Every day since the attacks on over 20 military installations and state buildings including the army headquarters in Rawalpindi, the PTI leaders have been leaving Khan.
It is believed that only a handful of PTI leaders may be left supporting Khan in the ongoing efforts to fracture the PTI.
"Almost all PTI deserters have converged on one platform, JKT group.
Now this group is launching a new party, Istehkaam-i-Pakistan Party (IPP) and all those leaving Mr Khan will be part of this party," said PM's special assistant Awn Chaudhry, who is a main leader of the JKT group.
He said Tareen will soon make a formal announcement of the party. He said the Democrats group, comprising some 35 former lawmakers of PTI, has also joined the JKT group.
"Now we will do politics on the new platform," Chaudhry said.
Prominent among those who joined the JKT are PTI's former senior vice president Fawad Chaudhry, its founding member Amir Kiyani, former Sindh governor Imran Ismael, former federal ministers Ali Zaidi and Firdous Ashiq Awan and outspoken Fayyazul Hasan Chohan.
Property and media tycoon Aleem Khan is lobbying for the president's slot in the IPP while Tareen himself may be called chief' of the new party till he gets relief from the court regarding his lifetime disqualification from holding a public office.
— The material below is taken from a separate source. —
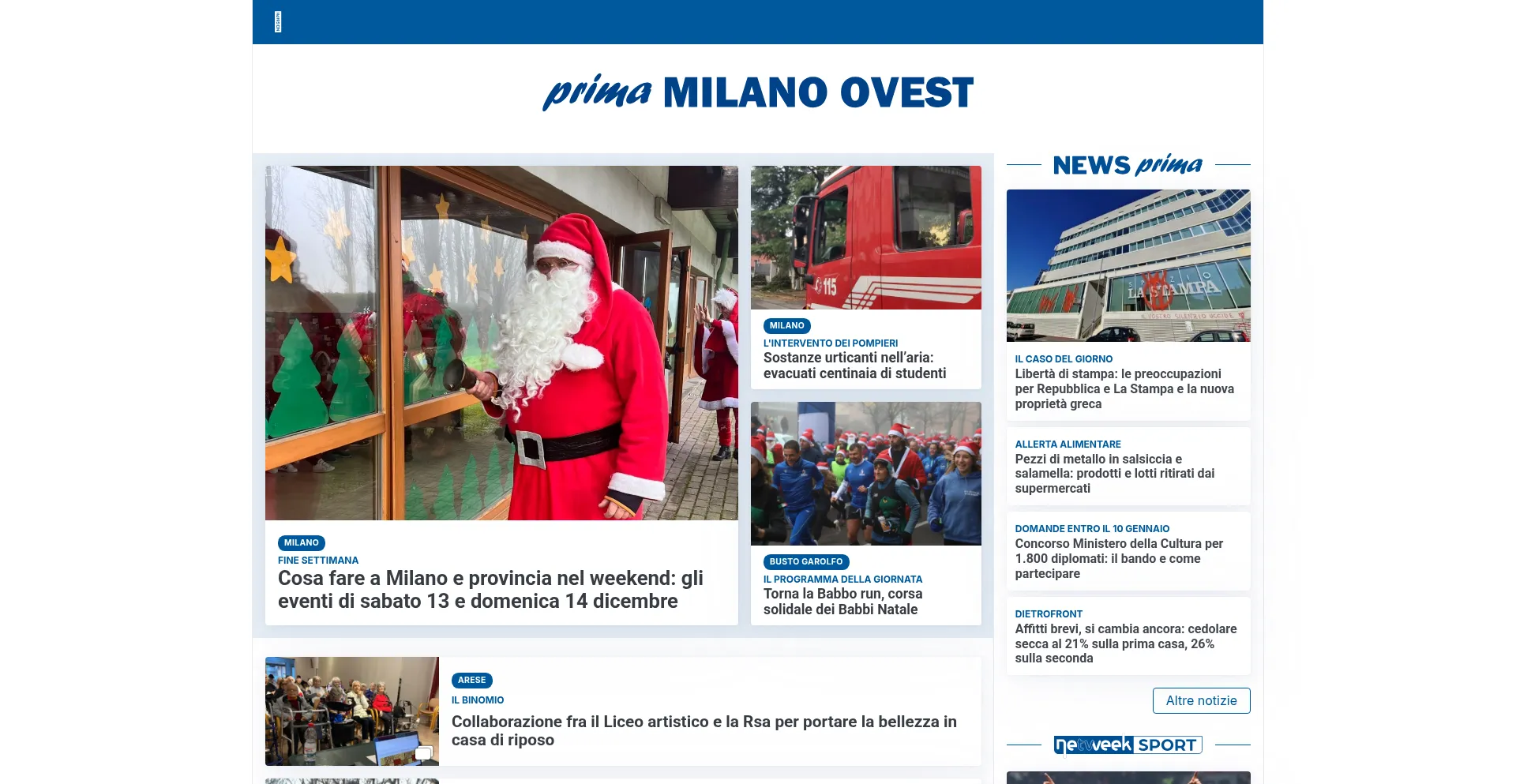 Prima Milano Ovest. Notizie locali, contenuti e servizi aggiornati su cronaca, economia, sport, politica, cultura e turismo

The arrest of Khan by paramilitary personnel from the Islamabad High Court premises on May 9 triggered unrest in Pakistan, leading to several deaths and dozens of military and state installations being destroyed by the angry PTI protesters.
The ousted premier is under pressure to keep his party intact as dozens of top leaders have abandoned it after the crackdown launched to arrest those involved in attacks on military installations on May 9.
Khan, a cricketer-turned-politician, was ousted from power in April last year after losing a no-confidence vote in his leadership, which he alleged was part of a US-led conspiracy targeting him because of his independent foreign policy decisions on Russia, China and Afghanistan.